Un approccio strategico di un team, il miglioramento delle conoscenze oncologiche e quindi la disponibilità di farmaci più efficaci, o per lo meno di associazioni di farmaci più efficaci, ha cambiato notevolmente la prognosi di questa malattia in termini di aspettativa di vita nei vari stadi.
“Un malato metastatico che prima viveva 4-6 mesi, oggi vive nel 50% dei casi almeno 1 anno; un malato con una patologia localmente avanzata che prima viveva 10 mesi, oggi ne vive almeno 20; un paziente che viene sottoposto a intervento chirurgico e che prima viveva 16 mesi, oggi ne vive almeno 32. Purtroppo, però, l’unica cosa che non siamo riusciti ancora a cambiare è la percentuale di guarigione - asserisce -.
I miglioramenti, anche se a piccoli passi, avvengono tutti i giorni. Per la prima volta, l’aspettativa di vita nella popolazione generale affetta da adenocarcinoma, mettendo insieme tutti gli stadi di malattia, è arrivata, nei paesi occidentali, al 12% di sopravvivenza a 5 anni, dato ancora molto deludente, ma significativo se pensiamo che fino a 10 anni fa era il 6-7%. In termini percentuali, è stato un miglioramento stravolgente, anche se purtroppo per aumentare le percentuali di pazienti guariti la strada è ancora molto lunga.
Un altro aspetto importante è che questa malattia sarà probabilmente destinata a essere, entro il 2030, la seconda causa di morte per neoplasia nel mondo occidentale. Quindi con una popolazione che invecchia, con un fattore di rischio molto influente, è probabile che assisteremo anche ad un aumento dei soggetti affetti da questa malattia”.

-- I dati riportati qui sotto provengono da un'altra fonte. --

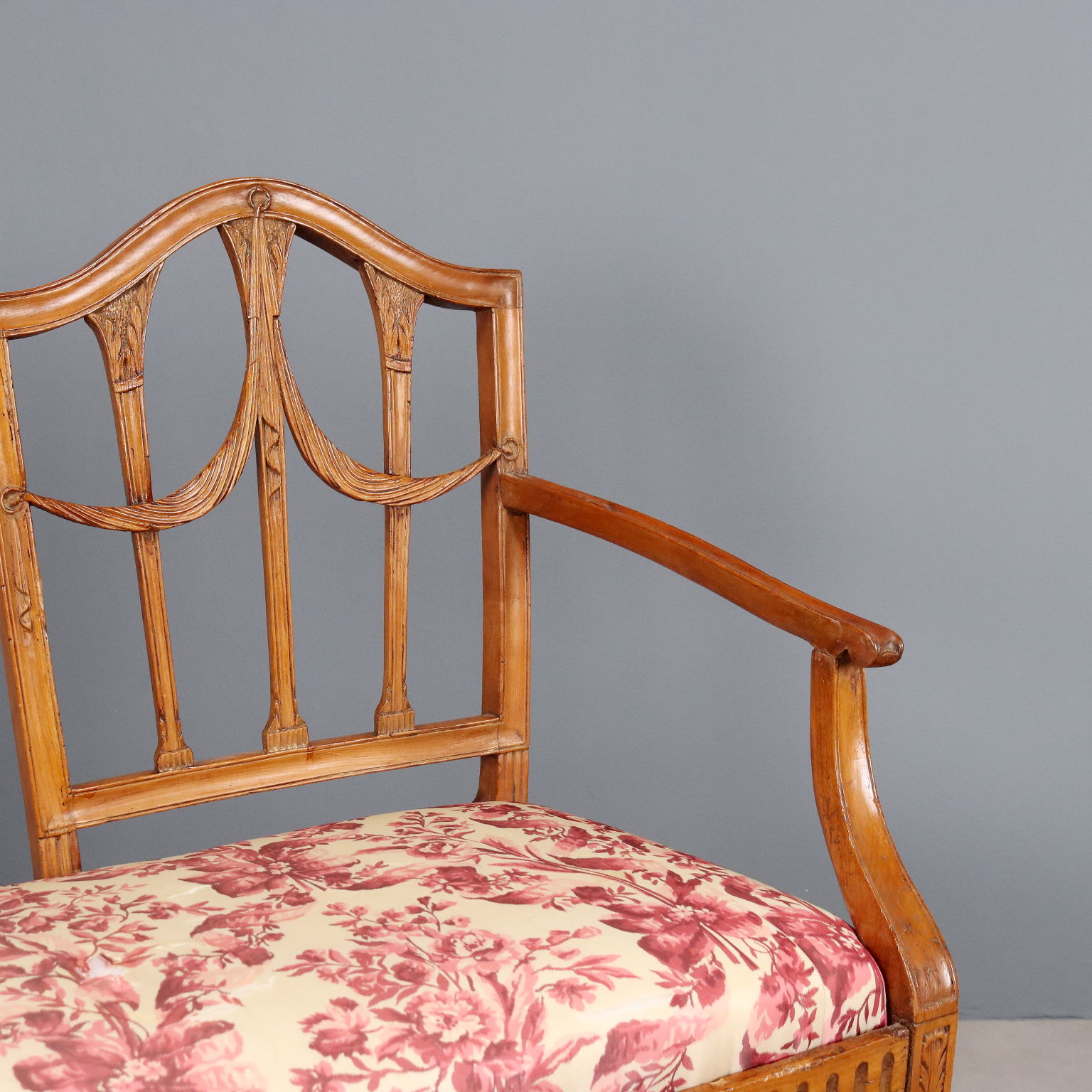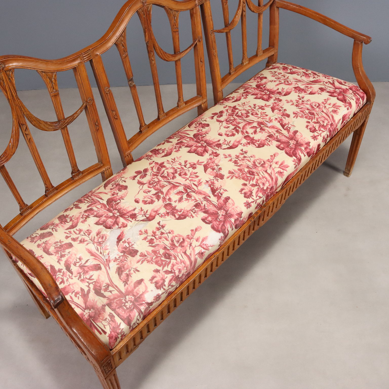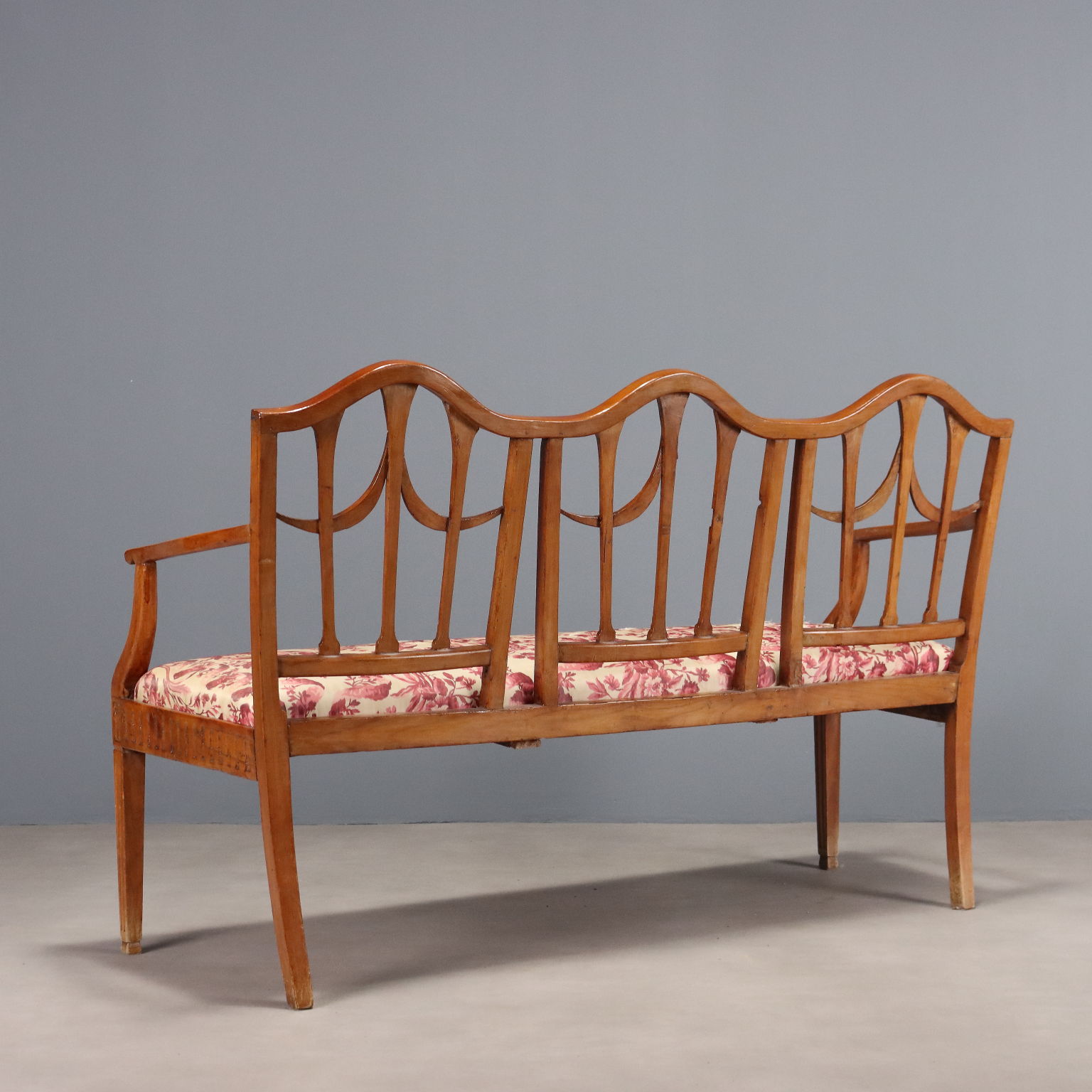 Divanetto da portego in stile neoclassico degli inizi dell'800. Realizzato in acero intagliato, probabilmente inizialmente dipinto e portato poi a legno in un secondo momento. Gambe a tronco di piramide con intagli a sgorbiatura anche nella fascia, schienale a giorno con motivo intagliato a tendina di gusto inglese.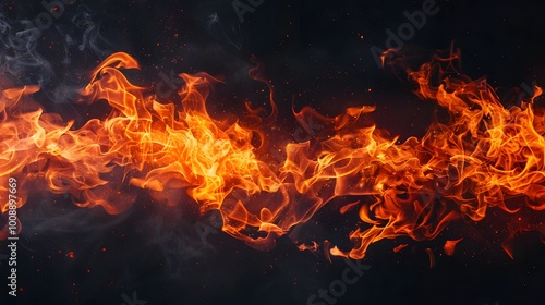 Intense Fire Flames on Black Background - Fiery Energy and Heat Concept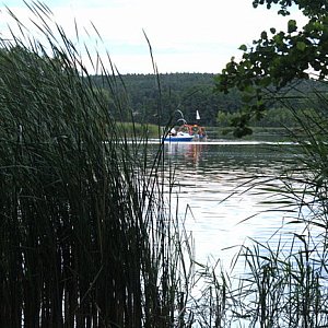Po godzinie 20 na jeziorze pojawiły się łodzie, z których puszczono na wodę wianki.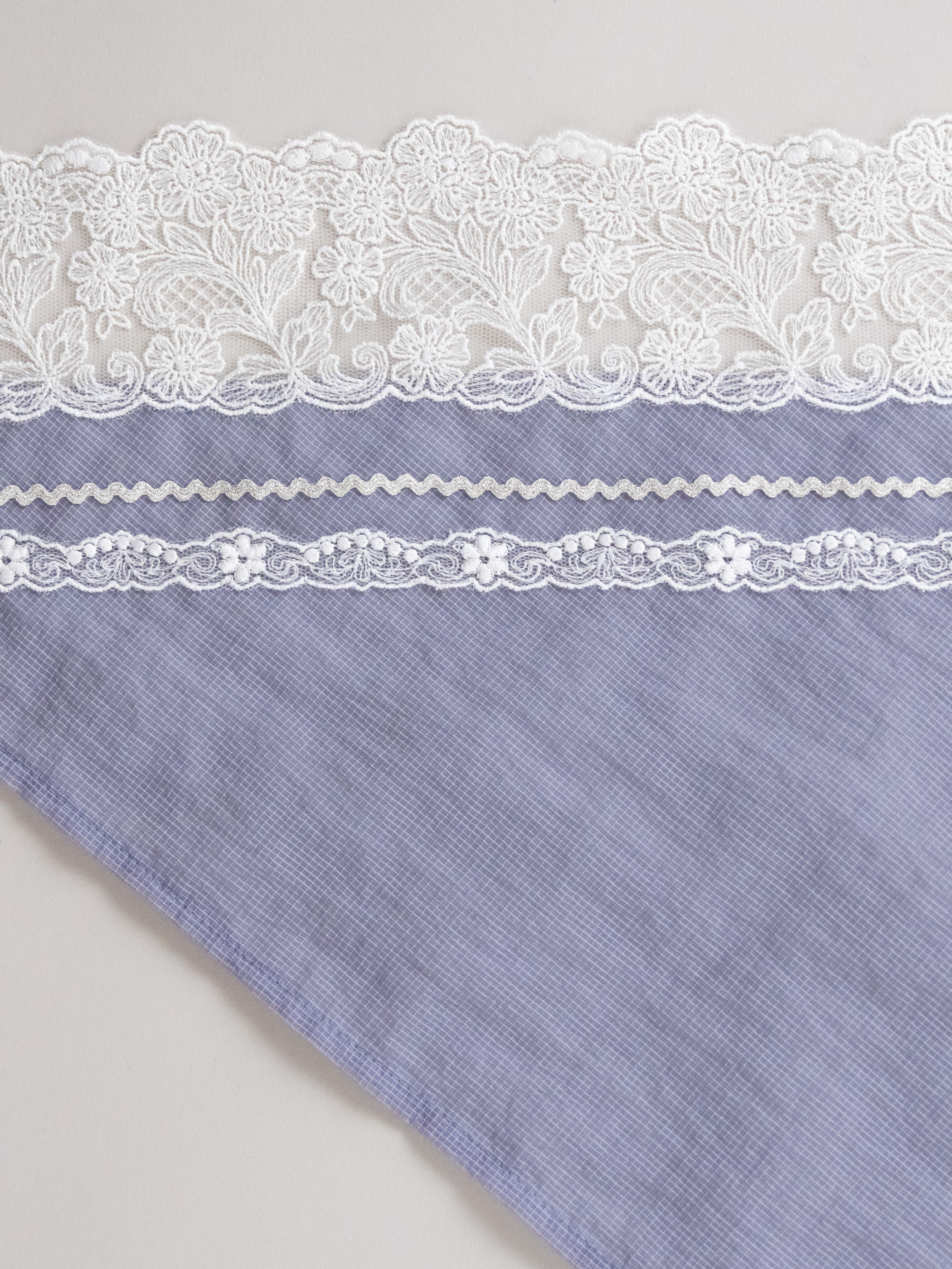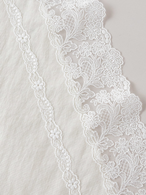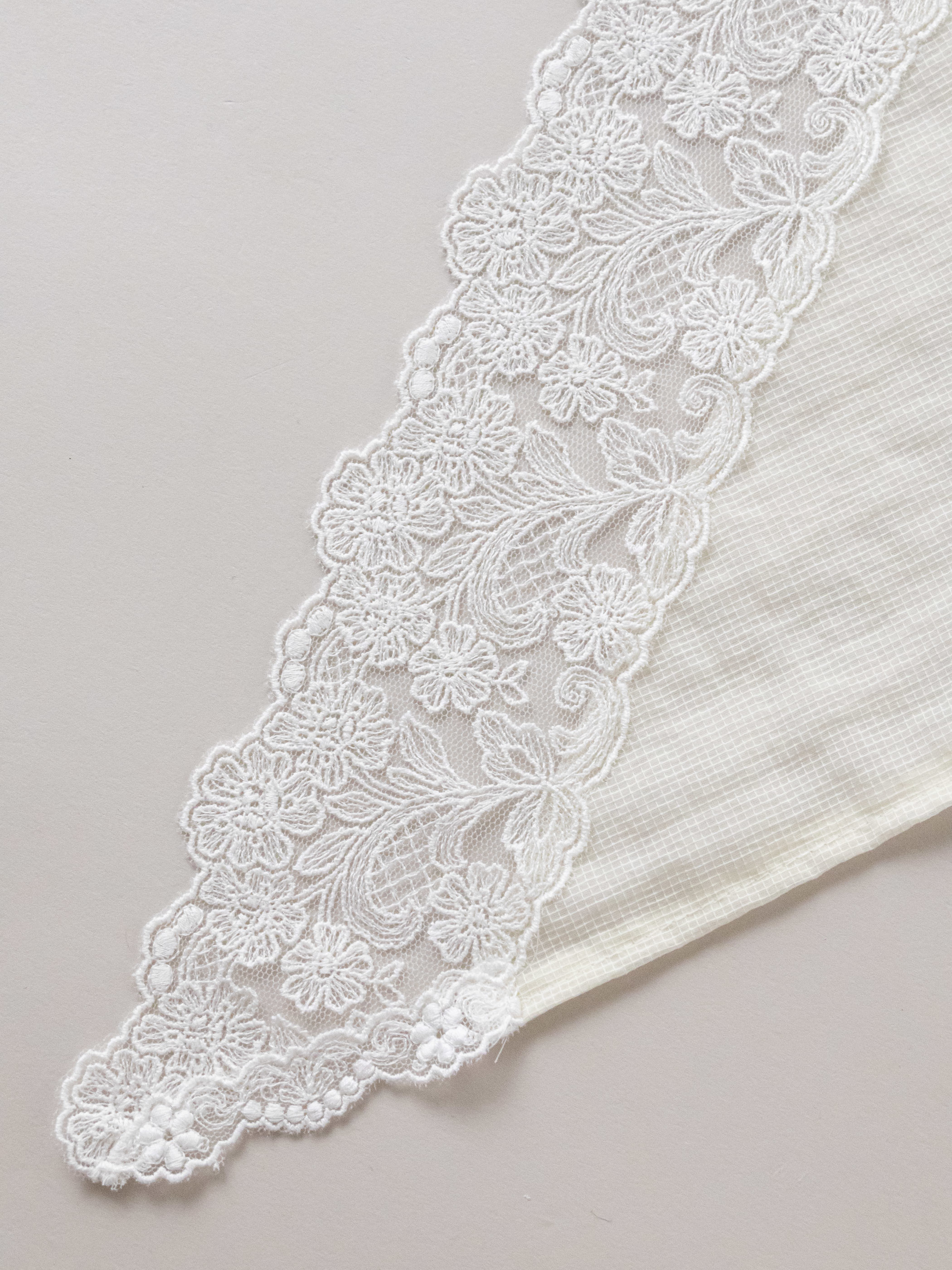 菱形カットのストールなので、巻き方に拘らず、レースが華やかに見せてくれます。

La ricerca sul tumore al pancreas all’Ospedale San Raffaele
“Dal punto di vista della ricerca - conclude Falconi - l’Ospedale San Raffaele sta lavorando su 3 fronti:
- fronte chirurgico: si sta cercando di abbassare il rischio legato all’intervento con una presa in carico a 360° del paziente. Esiste un progetto finalizzato con un percorso che randomizza i pazienti a una pre-abilitation (periodo prima dell’intervento) e che ha come obiettivo il miglioramento delle condizioni del paziente prima che arrivi all’intervento, grazie anche a un monitoraggio attento delle metriche e degli outcomes;
- fronte oncologico-clinico: in cui si sta cercando di stabilire se una terapia fatta prima dell’intervento chirurgico, e la sua durata, possa in qualche modo dare un vantaggio rispetto a chi si sottopone a una chirurgia immediata o a una terapia oncologica incompleta. Questo progetto è seguito dell’équipe di Oncologia guidata dal prof. Michele Reni;
- fronte traslazionale: di cui il progetto più importante è finanziato da AIRC che, in questo momento, vede come centro dell’interesse la malattia metastatica del fegato, da metastasi da colon-retto e da metastasi da pancreas. Prelevando materiale da pazienti affetti dalla malattia, si sta andando a caratterizzare molecolarmente ricercando se esistano potenziali bersagli per effettuare successivamente terapie cellulari mirate. Il progetto, coordinato dalla prof.ssa Chiara Bonini, è ancora in corso.
Oltre a questo c’è il filone che tratta la parte endoscopica, guidata dai professori Paolo Giorgio Arcidiacono e Gabriele Capurso, in cui da pazienti affetti da malattia localmente avanzata, si sta cercando di prelevare cellule da profilare molecolarmente per valutare l’andamento della malattia alla diagnosi ed in corso di chemioterapia”.